Even the control group benefitted, despite not being given limits on their social media use. “Both groups showed significant decreases in anxiety and fear of missing out over baselines, suggesting a benefit of increased self-monitoring,” the study said. “Our findings strongly suggest that limiting social media use to approximately 30 minutes a day may lead to significant improvement in well-being.”

Other academic studies published this year added to the growing roster of evidence that smartphones and mobile apps can significantly harm your mental and physical wellbeing.

A group of researchers from Princeton, Dartmouth, the University of Texas at Austin, and Stanford published a study in the Journal of Experimental Social Psychology that found using smartphones to take photos and videos of an experience actually reduces the ability to form memories of it. Others warned against keeping smartphones in your bedroom or even on your desk while you work. Optical chemistry researchers at the University of Toledo found that blue light from digital devices can cause molecular changes in your retina, potentially speeding macular degeneration.
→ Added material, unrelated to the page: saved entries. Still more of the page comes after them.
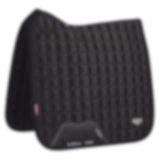 Det 100 % naturliga bambumaterialet kontrollerar värme och svett och transporterar mycket effektivt bort fukten från hästen. Schabraket har berikats med ett kantband som är av ett utsökt mjukt friktionsfri mockaliknande material som är speciellt tillverkad för att smidigt följa kanterna. Denna nya teknik hjälper till att bibehålla den perfekta sadelskurna formen. Där schabraket slits mest vid sadelgjorden finns ett PU-lädermaterial som skyddar dressyrschabraket från slitage.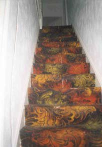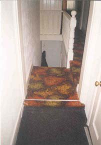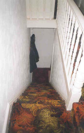 top of the stairs. There are no handrails on either side of the main flight. Directly opposite the foot of the stairs is
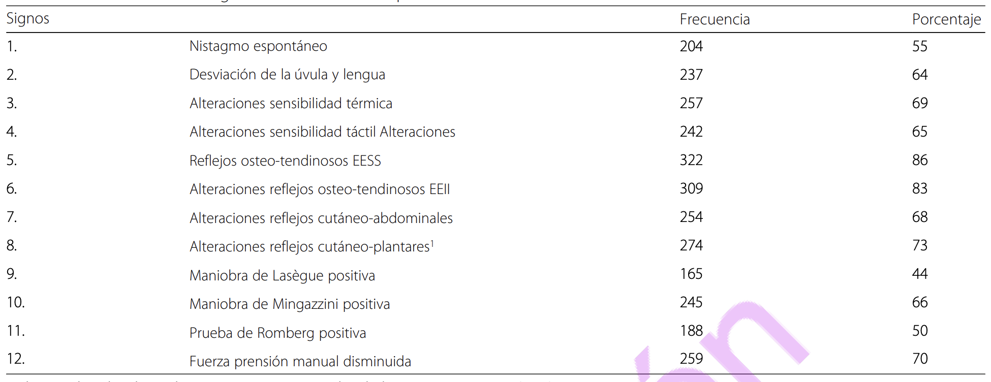 Taula II. Freqüència dels signes en 373 pacients amb EF/SNCV. (The Filum disease and the Neuro-Cranio-Vertebral Syndrome: definition, clinical picture and imaging features, Royo et al., BMC Neurology 2020).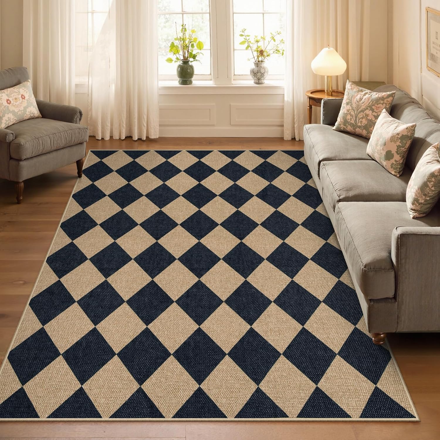 Lahome Checkered Easy Jute 5x7 Area Rugs, Washable Outdoor Patio Rug for Living Room Diamond Indoor Outdoor Carpet, Farmhouse Geometric Non Slip Black Carpet for Backyard Dining Room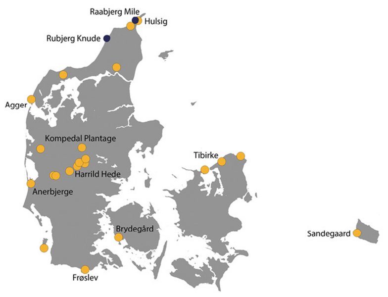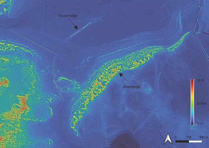 Det, som dog virkelig har overrasket, er, hvor udbredte sandflugtsdiger viste sig at være, da vi undersøgte den digitale højdemodel og søgte på de forskellige navne, man har brugt igennem tiden. Klitlandskaberne på Harrild Hede og ved Anerbjerge er nemlig langt fra alene. Sandflugtsdiger viser sig at findes spredt ud over hele landet, men ingen har før koblet dem sammen.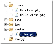调用某个文件夹目录下的index.php页面,假定现在所有模块使用单独的文件存放于class目录下,该目录与router平级,如下图所示:
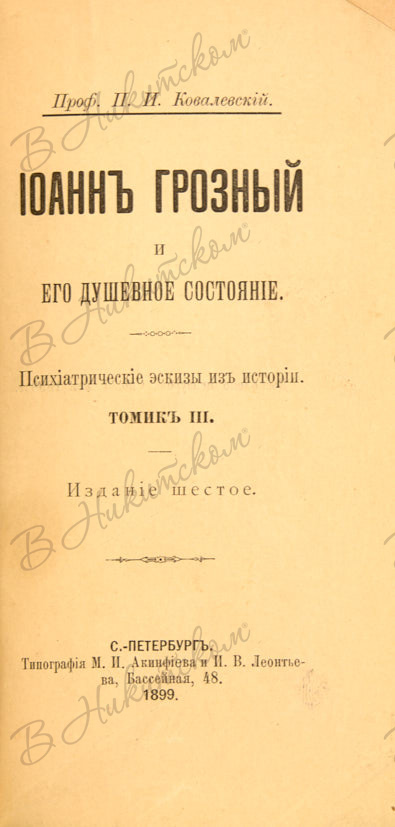 1. Ковалевский, П.И. Иоан Грозный и его душевное состояние. (Психиатрические эскизы из истории. Т. 3). 6-е изд. СПб.: Тип. М.И. Акинфиева и И.В. Леонтьева, 1899. [2], II, [2], 9-292 с.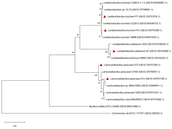 Phylogenetic tree based on 16S rRNA gene sequences showing the position of selected LAB isolates (marked with a filled red triangle pointing upwards). Bacillus subtilis ATCC 55406 and E. coli ATCC 11775T were taken as an out-group. Bootstrap values are given at branching points.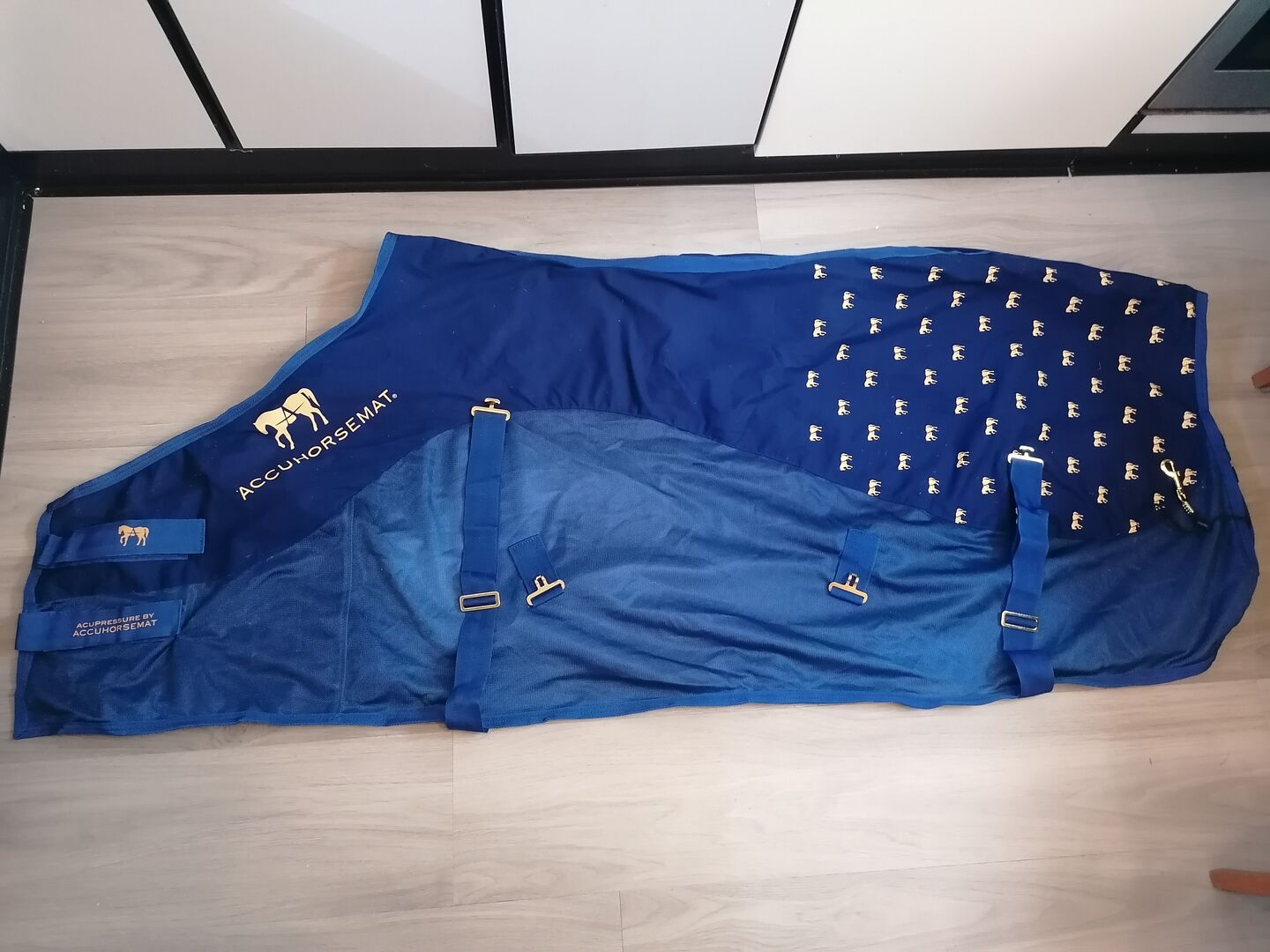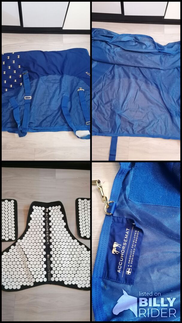 Accuhorsemat rozmiar M - Sprzedam oryginalną derkę do akupresury dla koni Accuhorsemat w idealnym stanie w rozmiarze M (130-145 cm). W komplecie 3 maty do akupresury, torba i opis. Była dobrze pielęgnowana, była na moim koniu tylko kilka razy i jest sprzedawana wyprana. Sprzączki i zapięcia są również w idealnym stanie. NP wynosiło 290,--.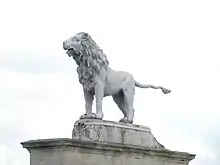 The Percy Lion (crest of Percy), after a model by Michelangelo, removed from Northumberland House in 1874, prior to demolition, by the 6th Duke and placed atop Syon House,[1] his seat to the west of London.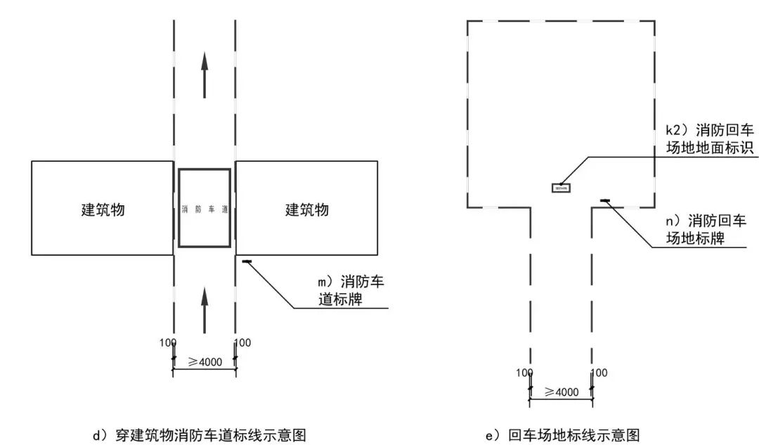 4.8在消防车通道两侧设置醒目的警示牌,提示严禁占用消防车道,违者将承担相应法律责任等内容。做法参见【详图)m)】消防通道标牌应设于穿过建筑物的消防通道洞口上方、右侧。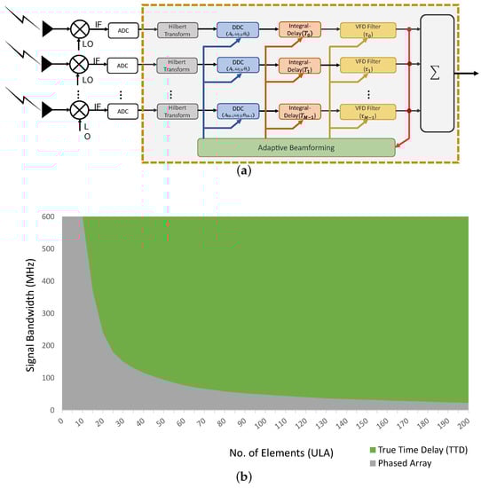 (a) Architecture of typical TTD-based wideband large-scale antenna systems (TTD—True Time Delay; ADC—Analog-to-Digital Converter; DDC—Digital Down-Converter; VFD—Variable Fractional Delay); (b) maximal signal bandwidth vs. number of elements [10].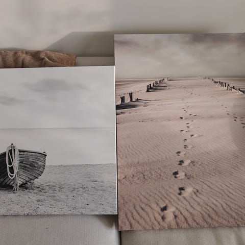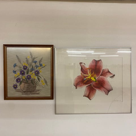 Kolme taulua. Isoin 65 x 82 ja kaksi pienintä 65 x 38,5. Toisen pienen yläkulma hieman auennut, muuten taulut hyvässä kunnossa.

So over the past 12 months, I’ve certainly had plenty of motivation to reduce my screen time. In fact, every time I checked the news on my phone, there seemed to be yet another headline about the perils of smartphone use. I began using Moment to track my total screen time and how it was divided between apps. I took two of Moment’s in-app courses, “Phone Bootcamp” and “Bored and Brilliant.” I also used the app to set a daily time limit, turned on “tiny reminders,” or push notifications that tell you how much time you’ve spent on your phone so far throughout the day, and enabled the “Force Me Off When I’m Over” feature, which basically annoys you off your phone when you go over your daily allotment.

At first I managed to cut my screen time in half. I had thought some of the benefits, like a better attention span mentioned in Price’s book, were too good to be true. But I found my concentration really did improve significantly after just a week of limiting my smartphone use. I read more long-form articles, caught up on some TV shows, and finished knitting a sweater for my toddler. Most importantly, the nagging feeling I had at the end of each day about frittering all my time away diminished, and so I lived happily after, snug in the knowledge that I’m not squandering my life on memes, clickbait and makeup tutorials.

Just kidding.

Holding my iPod Touch in 2010, a year before I bought my first smartphone and back when I still had an attention span.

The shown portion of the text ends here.